● **Provided material**
= = =

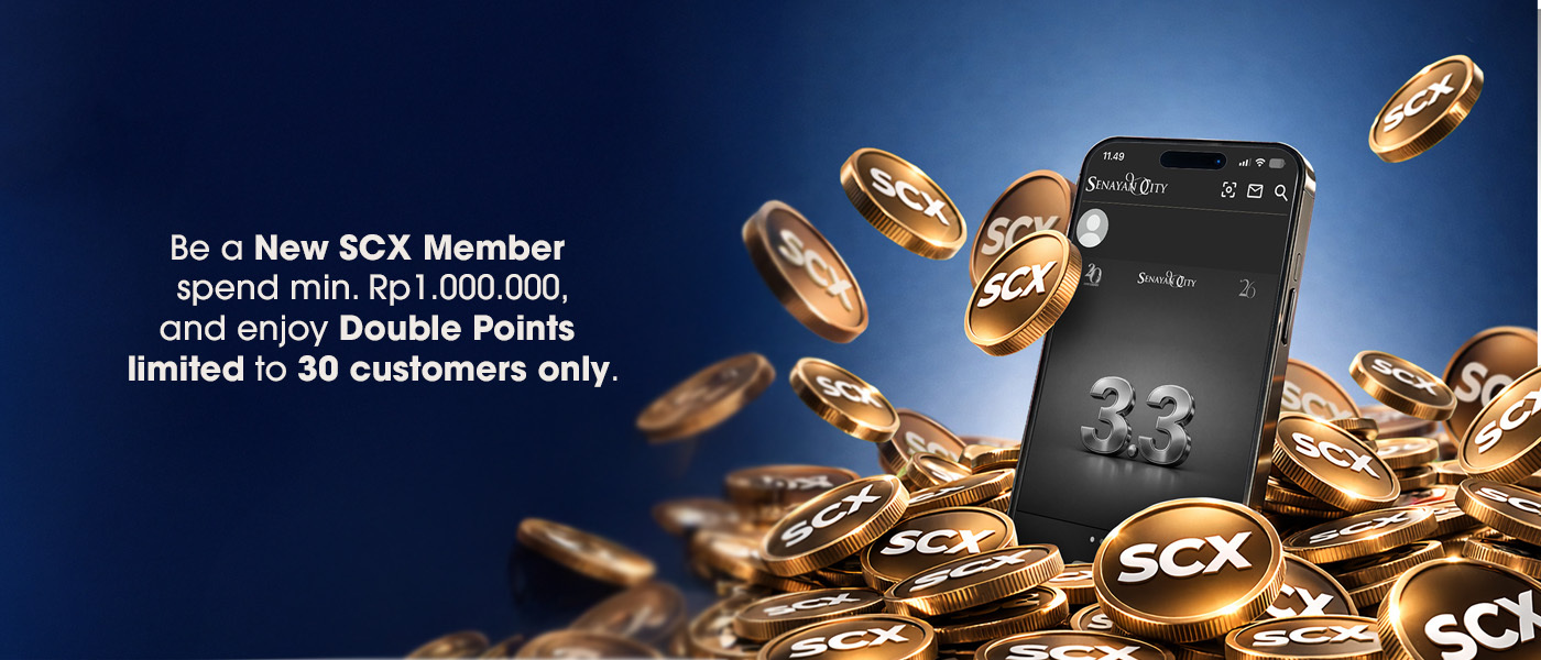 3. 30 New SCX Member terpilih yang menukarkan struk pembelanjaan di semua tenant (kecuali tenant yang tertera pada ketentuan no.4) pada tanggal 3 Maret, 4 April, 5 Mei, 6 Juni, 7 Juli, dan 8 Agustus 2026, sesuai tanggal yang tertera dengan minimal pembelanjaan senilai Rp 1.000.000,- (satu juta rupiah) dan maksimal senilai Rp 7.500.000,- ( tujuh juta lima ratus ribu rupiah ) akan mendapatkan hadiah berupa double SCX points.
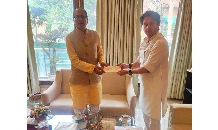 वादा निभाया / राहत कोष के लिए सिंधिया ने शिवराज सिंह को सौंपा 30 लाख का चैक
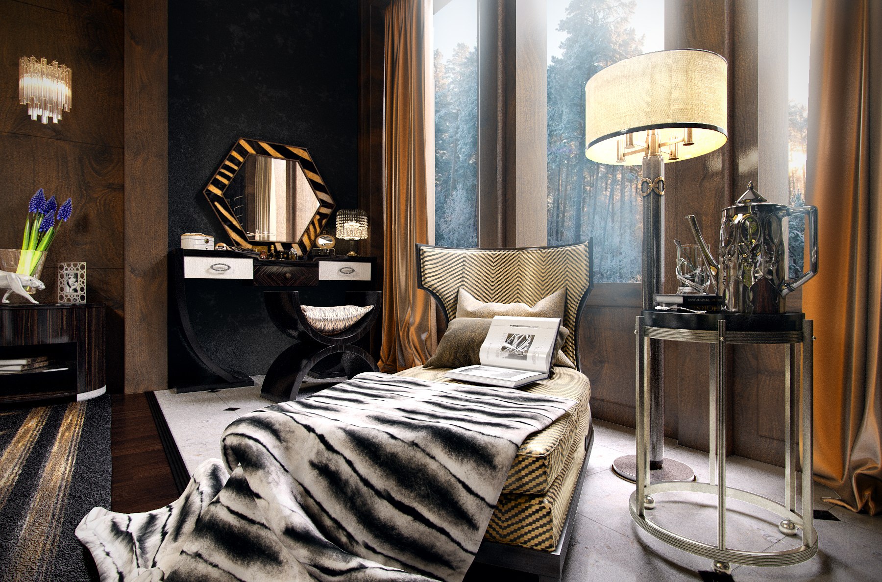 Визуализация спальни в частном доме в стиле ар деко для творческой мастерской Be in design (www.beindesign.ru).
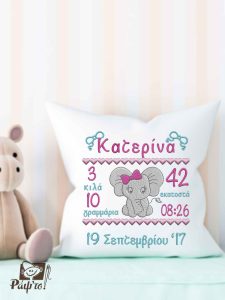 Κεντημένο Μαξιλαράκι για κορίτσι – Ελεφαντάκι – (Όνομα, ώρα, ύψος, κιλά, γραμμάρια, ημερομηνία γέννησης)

= = =

● **Exercise**
Retype each line of the listing above word for word. Exclude the pictures.

● **Answer to the exercise**
 3. 30 New SCX Member terpilih yang menukarkan struk pembelanjaan di semua tenant (kecuali tenant yang tertera pada ketentuan no.4) pada tanggal 3 Maret, 4 April, 5 Mei, 6 Juni, 7 Juli, dan 8 Agustus 2026, sesuai tanggal yang tertera dengan minimal pembelanjaan senilai Rp 1.000.000,- (satu juta rupiah) dan maksimal senilai Rp 7.500.000,- ( tujuh juta lima ratus ribu rupiah ) akan mendapatkan hadiah berupa double SCX points.
 वादा निभाया / राहत कोष के लिए सिंधिया ने शिवराज सिंह को सौंपा 30 लाख का चैक
 Визуализация спальни в частном доме в стиле ар деко для творческой мастерской Be in design (www.beindesign.ru).
 Κεντημένο Μαξιλαράκι για κορίτσι – Ελεφαντάκι – (Όνομα, ώρα, ύψος, κιλά, γραμμάρια, ημερομηνία γέννησης)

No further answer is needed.